In terms of the fixed income component of the multi-asset portfolio which would typically be 60% equities and 40% bonds, Mr Boon Peng Ooi, Chief Investment Officer, Fixed Income at Eastspring Investments, urged   investors to consider Asian US$ bonds, which he said offer superior return-to-risk attributes.


“As an asset class, Asian US$ bonds in particular have shown steady        appreciation over the last 15 years, with a return of 203%* and without the volatility of the equities market,” he said.


Mr William Barbour, Client Portfolio Manager, Equity, observed that dividends have been the key driver of total equity returns from the beginning of 2000 through to the end of January 2016, but trailing price to book valuations in Asia also signal great value opportunities.

“In Asia Pacific (ex-Japan) alone, 75.7% out of the 119% total return came from dividends over the last 15 years**,” Mr Barbour said.

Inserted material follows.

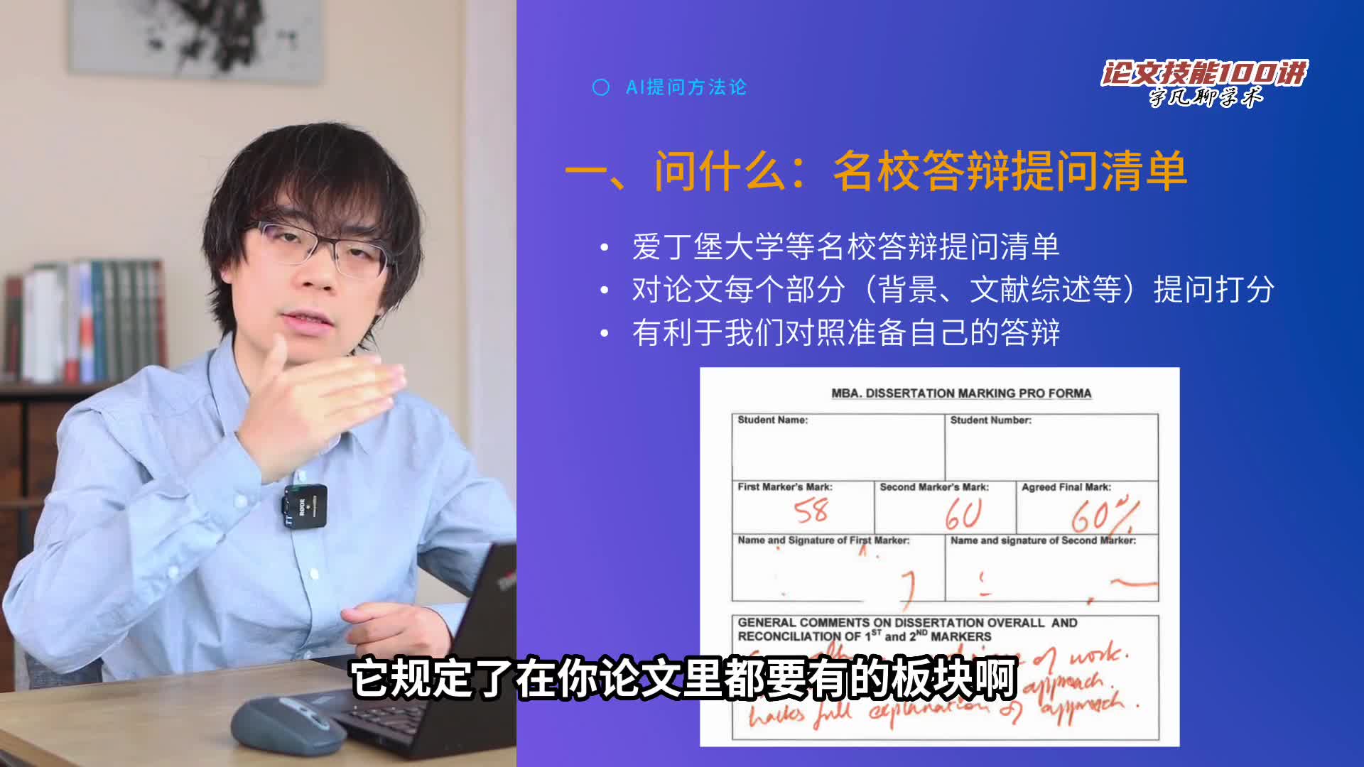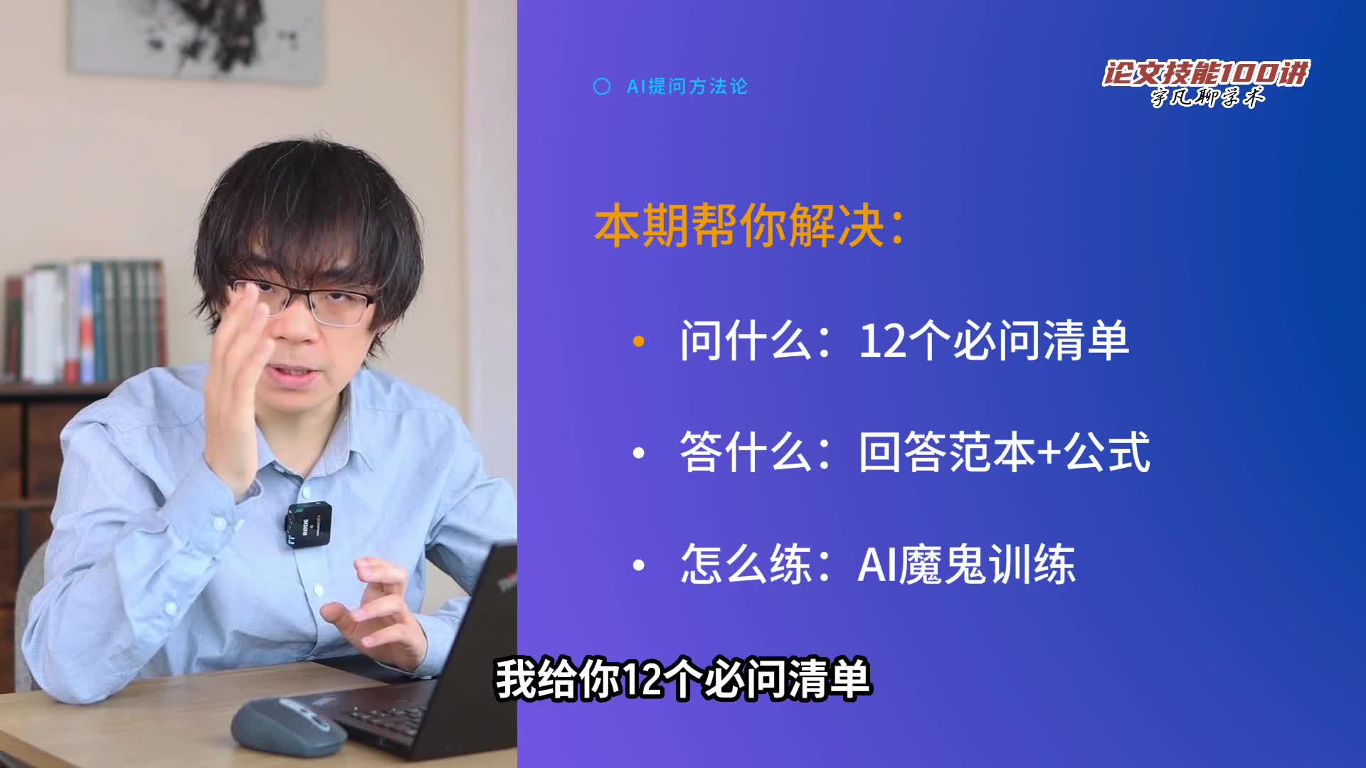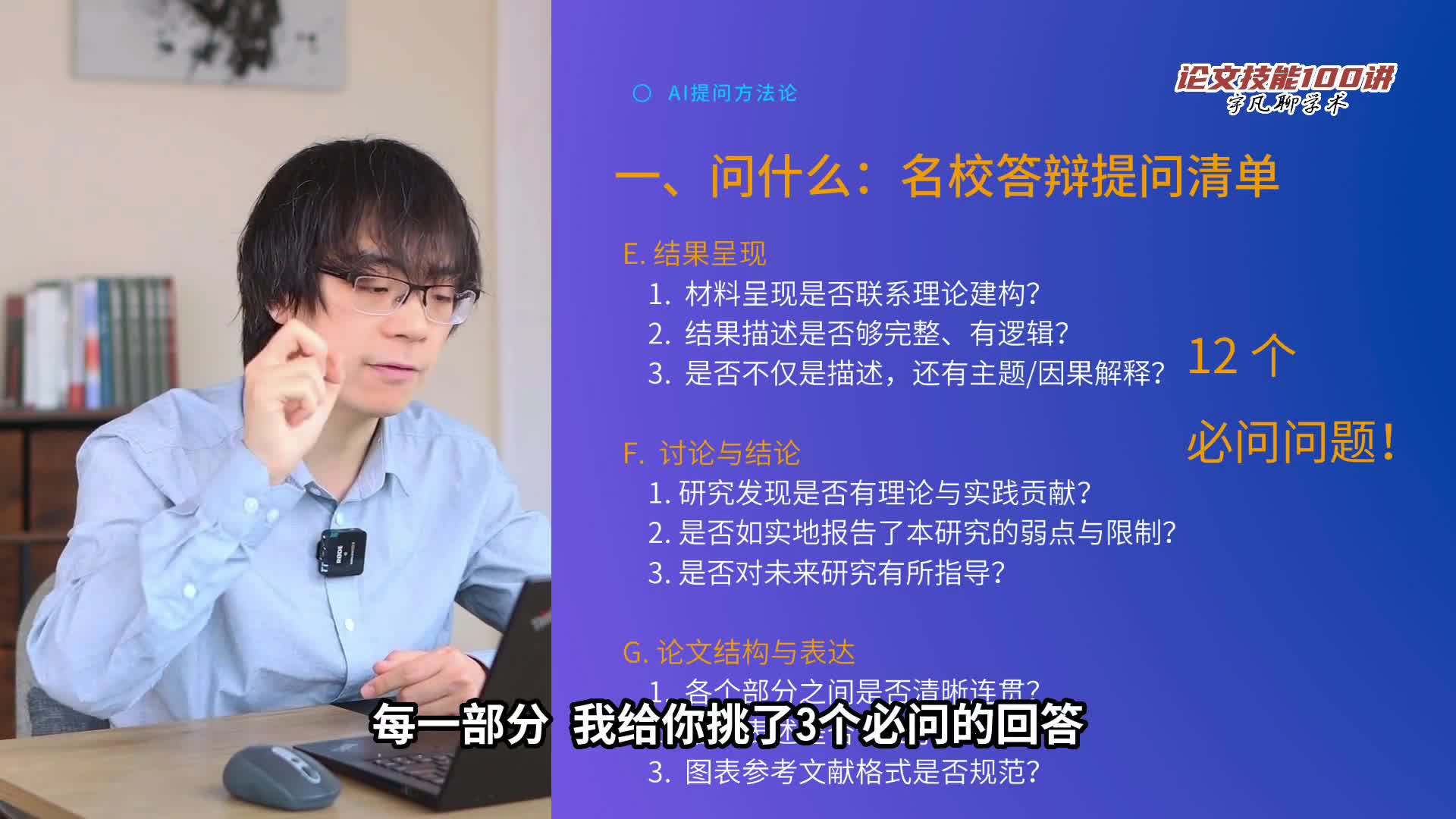 这一讲我们来讲讲论文答辩,下一讲我们还会来分享怎么用g p t帮你读文献。当然如果你还有什么想听的,你也可以在留言区补充,我们一起来探讨。我们这一期就来告诉你三个角度。第一问什么?我给你十二个必问清单,掌握这个清单,你的答辩一帆风顺。第二答什么?我这里告诉你g p t回答的内容,反映出来的三种回答范本及其思考的逻辑。掌握了这个再多的问题你都不用怕了。

At the seminar, Eastspring Investments presented two sample multi-asset portfolios with different asset constitutions aimed respectively at targeting income (US and EM bonds and high dividend yield/low volatility equities) and growth (equities, high yield, EM and US investment grade bonds, alternative assets).


In the annual Eastspring Investments Investor Behaviour Survey*** conducted in Singapore in 2015, it was found that although more effort to invest for retirement was made year on year, more than half of investors aged between 45 and 55 were only now ‘actively preparing’ for retirement, despite being close to the average retirement age.